Wednesday, December 31, 2008

Inventory Control


Wow. For a minute, I've been really interested by popular culture's current fascination in post-WWII era Americana. Shows like Mad Men and others, the current trends in fashion, the election, all of it hearkens back to this time that, in retrospect, has become quintessential America, the very essence of what fulfilling the American Dream was supposed to mean. Yet, wrought within and throughout these tangential fascinations is one much more deviant: an intimately intense obsession with the fissures crossing to and fro along the surface of the American ideal. It is the simultaneous recognition of the farce that is relying on the promise of an abstraction as something to hope for in reality. (Still there? Hope I didn't lose you...)

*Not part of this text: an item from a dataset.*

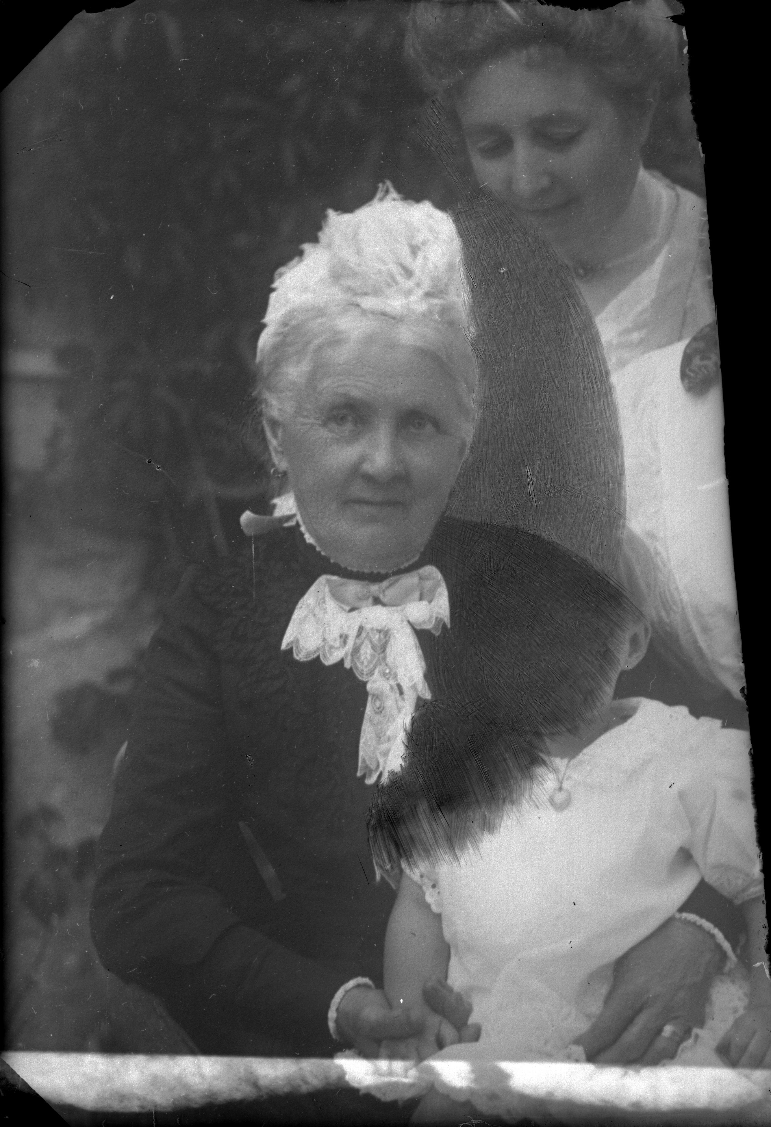Beskrivning: Porträtt i halvfigur av oidentifierad kvinna. Reprofotografi beställt av fru Giese.

In essence, collectively America has spent much of my lifetime looking back at itself and, in the end, has settled on mid-20th century America as the beginning of the end and the end of the beginning. It is a time for which we can be proud of ourselves and our accomplishments. There were stable 2-parent households and safe neighborhoods. Schools were places of learning and dinner was on the table at 6. But beneath it all is the most sinister desire by us today to acknowledge that unhappiness was rampant back then too. That the most powerful, the most stable, the stalwart and exemplary, struggled to maintain themselves and their image even to the point of emotional and psychological implosion. That America could not escape its escapist mentality because it was founded upon the very principle. (Mayflower, anyone?)

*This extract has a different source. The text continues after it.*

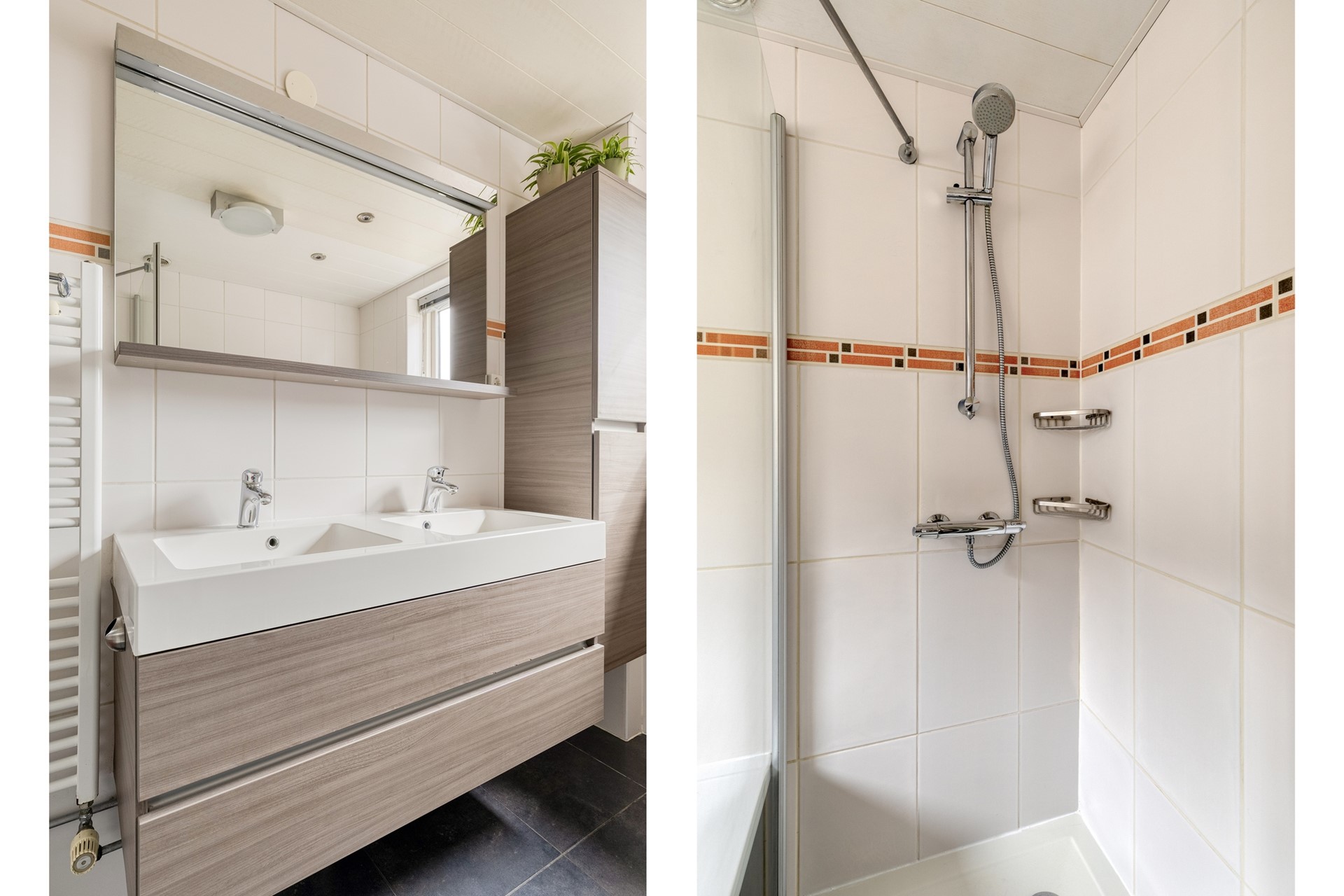 Op de eerste verdieping komen we op de overloop met toegang tot drie slaapkamers en de badkamer. Aan de achterzijde vallen direct de twee vergrote slaapkamers op dankzij de dakkapel uit 2007, uitgevoerd met kunststof kozijnen en HR++ glas. Hierdoor voelen de kamers extra ruim en licht aan. Aan de voorzijde ligt nog een derde slaapkamer, perfect als kinder-, werk- of logeerkamer. De badkamer is royaal opgezet en compleet uitgevoerd met ligbad, douche, hangend toilet en een dubbele wastafel.

And so with that, enters Revolutionary Road. It is a story that captures beautifully through dialogue this ever present tension, before we as a nation had even recognized it as such. "It's awful to not be able to do what it is that you want to do," says Kate Winslet's character, assured of her own accuracy. It's a uniquely American sentiment created by us and propagated as a new truth, like wi-fi, that this nation that has spoiled itself to the point where it trusts that desire and necessity are synonymous. You're stuck writing copy all day when you really wanted to be a poet gallivanting through Europe? That must really suck, and you know what, it's not fair. Americans may not be the only ones who think like that, but they durn sure were the first ones to make it acceptable.

"Maybe we are running," DiCaprio's character says after denying that he wasn't. "We're running from the hopeless emptiness of the whole life here, right?" He and his wife have been walking through the woods with the son of an older couple nearby who is clinically "loony." The loony man stops. "Now you've said it," he grins. "Plenty people are onto the emptiness, but... it takes real guts to see the hopelessness. Wow."

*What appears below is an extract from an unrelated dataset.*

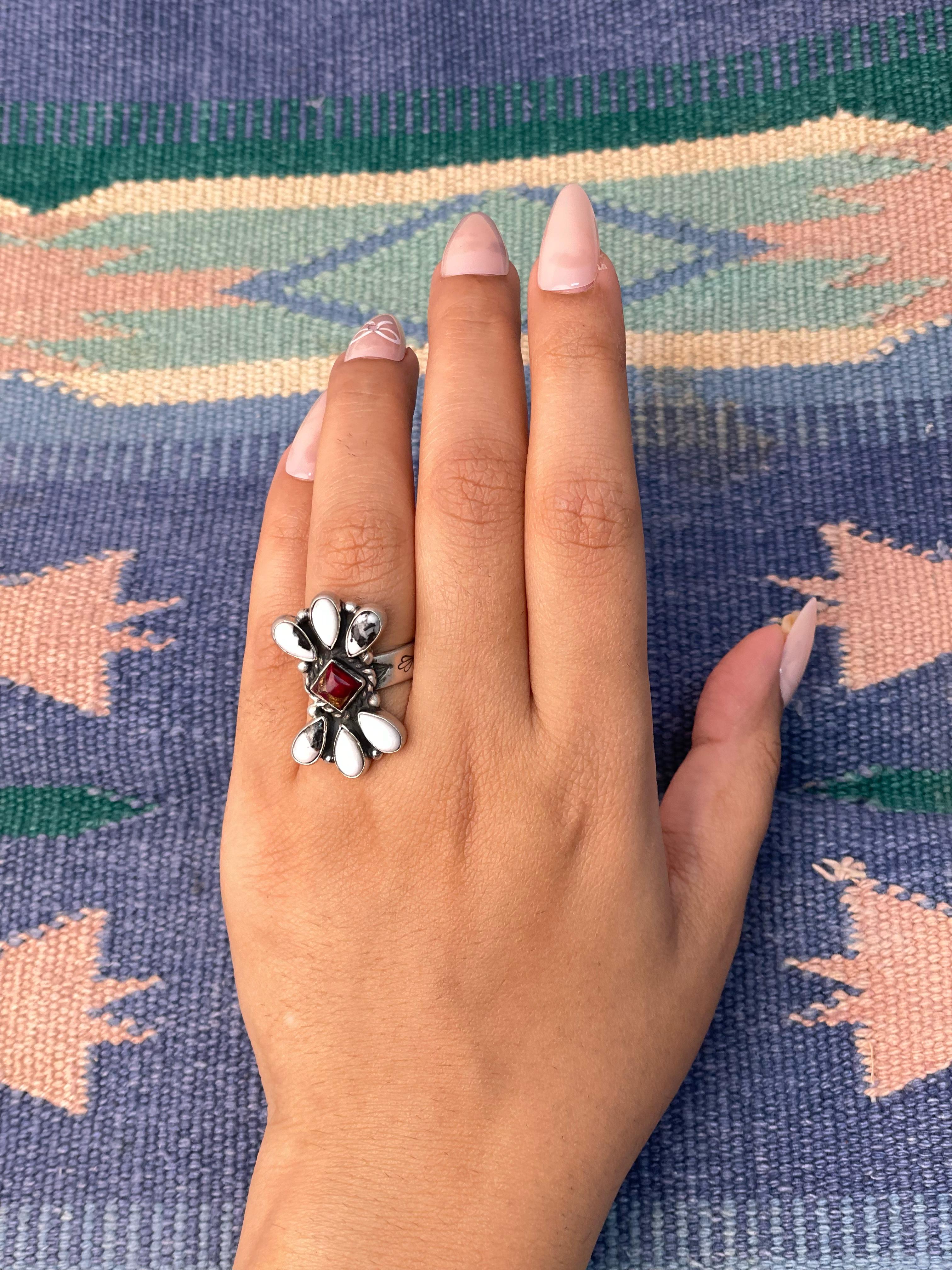 Southwest Made Multi Stone & Sterling Silver Adjustable Ring

Indeed. It's this unique brand of irony that courses its way throughout the movie like gravy or pancake syrup on a plate. The movie is based on the book of the same name, written in 1962. I plan on reading it, but you know how that goes. It's definitely not a feel good movie though, so don't go if you just need to get out the house, cuz you might just wish you'd kept your behind indoors after such a depressing flick. It's a doozy, but it's a great one.